JC - O show do “Gigante!” tem antigos sucessos?

Passarell - A gente vai misturar músicas novas, tocar umas cinco do disco novo, com outras que já rolaram dos discos passados, mudando a ordem... O show tem um visual novo, um palco novo, o gigante...

JC - Depois de mais de 20 anos de carreira, o público do Capital é muito jovem?

Passarell - 90% do nosso público é formado por jovens com menos de 18 anos. É um público bem novo. Por um lado é bom porque significa que você se renovou. O Dinho, às vezes, fala que é f... porque parece que ninguém sabe direito das coisas que já foram feitas. Mas é legal ter renovado, o grande mérito da volta do Capital foi ter feito músicas novas. No repertório do novo show ficou legal porque tem essas músicas mas também tem “Da Sua Maneira”, “Tudo que Vai”, “Natasha”, “Fátima”... O show está bem rock ‘n’ roll.
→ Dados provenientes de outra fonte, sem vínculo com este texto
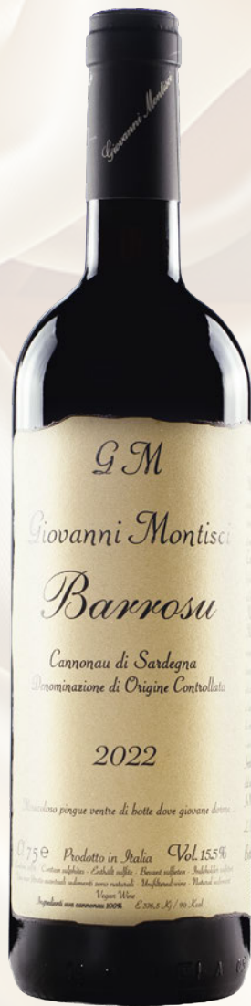
Barroso Cannonau di Sardegna DOC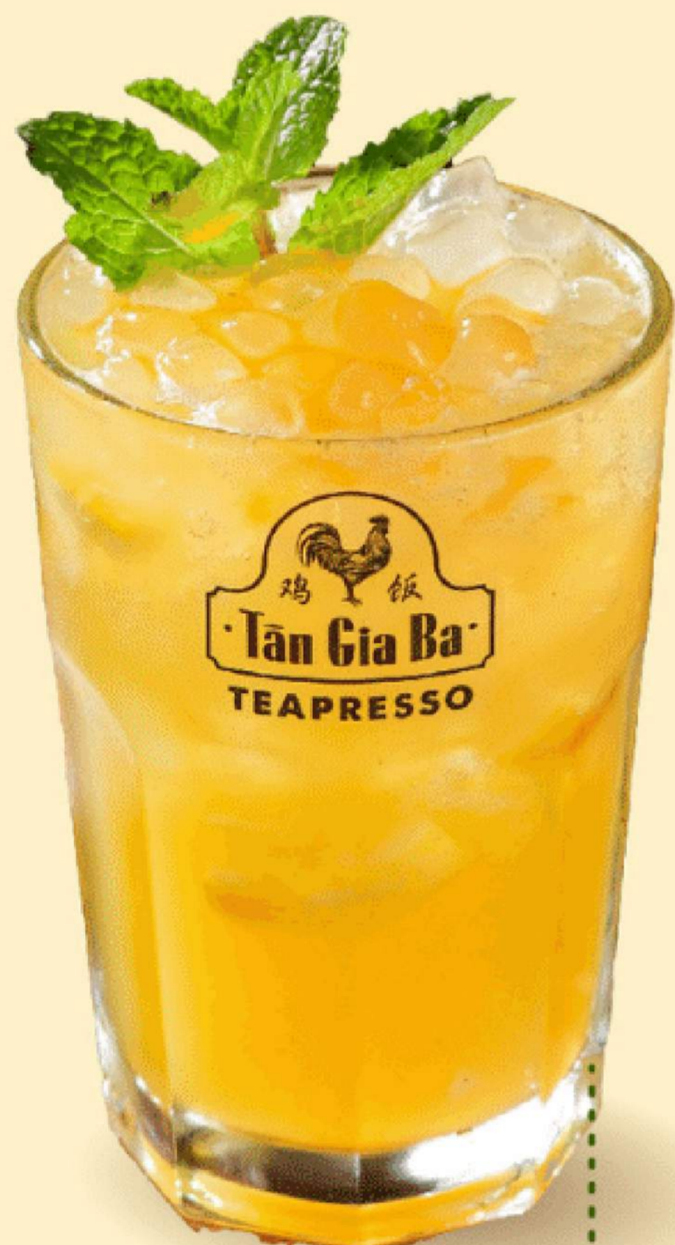
TRÀ XOÀI TÂN GIA BA 45.000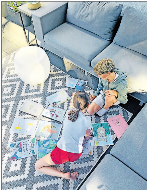
Die Kinderjury nimmt ihre Aufgabe beim Malwettbewerb sehr ernst.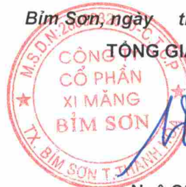
Ngô Sỹ Túc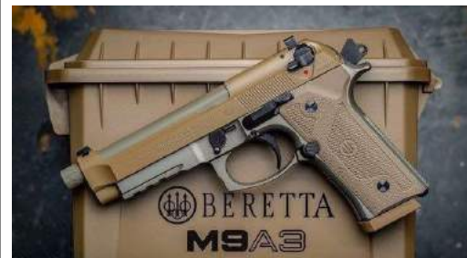
PISTOLA DOTADA PERSONAL DE CUADROS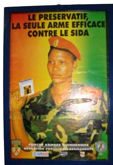
Campagne de prévention contre la transmission du VIH © ODM, Conakry, novembre 2011.

A côté des pharmacies et des cliniques privées, le système de santé public a une structure pyramidale. A Conakry, se trouvent les centres hospitaliers universitaires (CHU) Donka et Ignace Deen qui sont les cliniques nationales de référence. Construite par la Chine à Kipé (Conakry), la troisième clinique de référence attend depuis plusieurs mois sa mise en service. Dans l'arrière pays, chacune des sept régions dispose de sa propre clinique de référence (hôpitaux régionaux). En outre, il existe un établissement dans chacune des 26 préfectures. Enfin, des centres médico-communaux, des centres de santé ainsi que des postes de santé sont répartis sur l'ensemble du territoire 153 .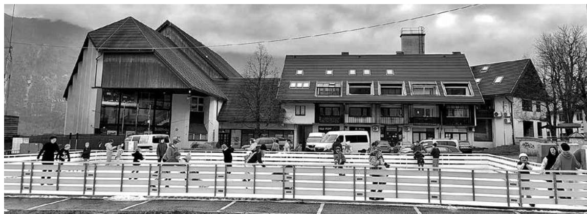
DOBER OBISK DRSALIŠČA, KI JE V BOVCU POPESTRILTO LETOŠNJO ZIMO, potrjuje, da je bila odločitev zanj prava.

Letos je bilo v Bovcu ponovno postavljeno drsališče, za brezplačno uporabo pa je bilo odprto od prve polovice decembra do konca februarja. Za razliko od nekaterih prejšnjih poskusov, ko je v Bovcu že delovalo tudi pokrito drsališče, obisk pa zelo klavrn, je bil tokrat presenetljivo dober. To potrjuje, da je bila odločitev Občine Bovec za postavitev prava. V sodelovanju z Javnim zavodom za turizem Dolina Soče in Športnim centrom Hotel Soča , kjer si je bilo mogoče izposoditi tudi drsalke, je bilo drsališče odprto vsak dan, več-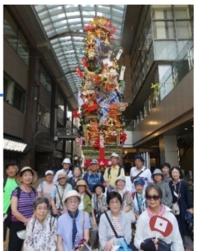
7月は博多祇園山笠めぐり

年10回開催される「月いち健康ウォーク」は、毎回20名ほどが参加し、福岡市近郊、県外まで足をのばして町歩きを楽しみます。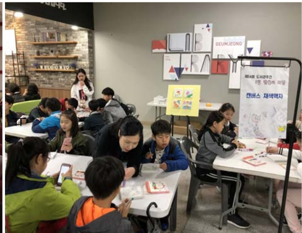
도서관 주간 행사 ‘캔버스 채색액자’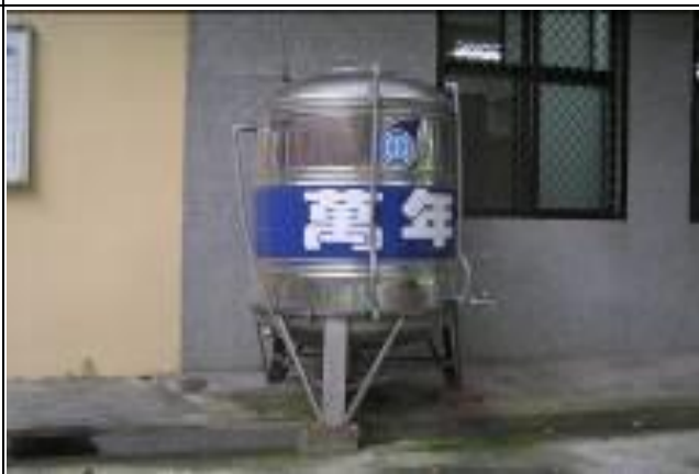
RO 系統廢水集水桶用於澆灌植物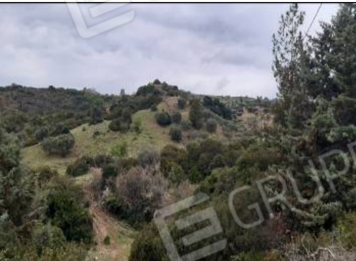
Vista dei terreni circostanti il complesso agricolo – Particelle varie - Foglio n° 68 e 75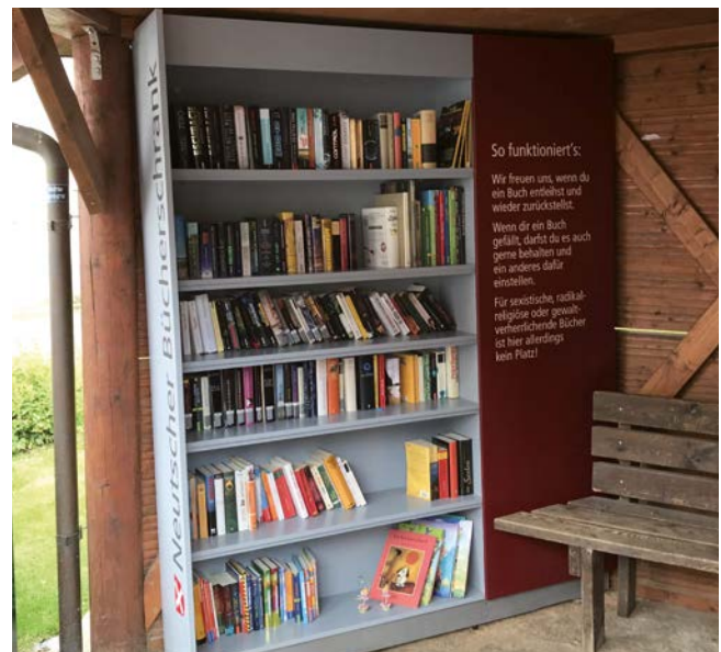
● Bücherschrank Neutsch

Dezentrale Angebote zur Förderung des lebenslangen Lernens können die Attraktivität als Wohn- und Lebensstandort erhöhen. Sie können ggf. durch bestehende Institutionen oder bürgerschaftliches Engagement ausgebaut werden.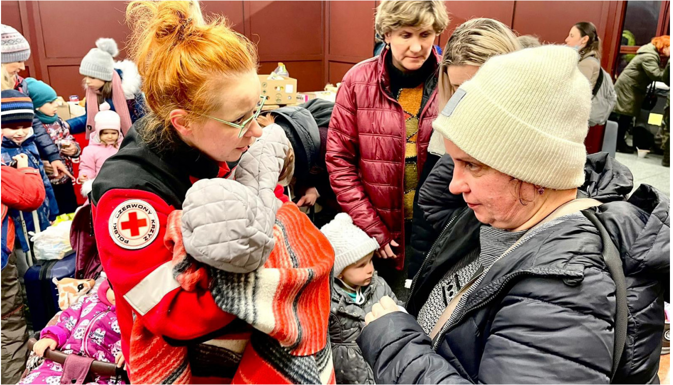
→ Tre dagar efter krigsutbrottet. Kvinnor och barn anländer till järnvägsstationen i Przemysl, Polen.

JC - O Capital emendou as turnês dos últimos discos. Percorrer o Interior continua sendo estimulante?

Passarell - É maravilhoso, continua sendo legal. O Interior do Estado de São Paulo tem uma p... infra, tem informação, mesmo nas feiras que a gente vai. De um tempo pra cá as feiras agropecuárias deixaram de ser exclusivas dos artistas sertanejos e têm muito rock. Hoje, cerca de 80% dos shows do Capital são no Interior de São Paulo. O público é bom e é possível levar toda a estrutura.

• Serviço

Show do Capital Inicial. Hoje, às 23h, na Cervejaria dos Monges. Avenida Getúlio Vargas, 7-50. Informações: (14) 3234-7773.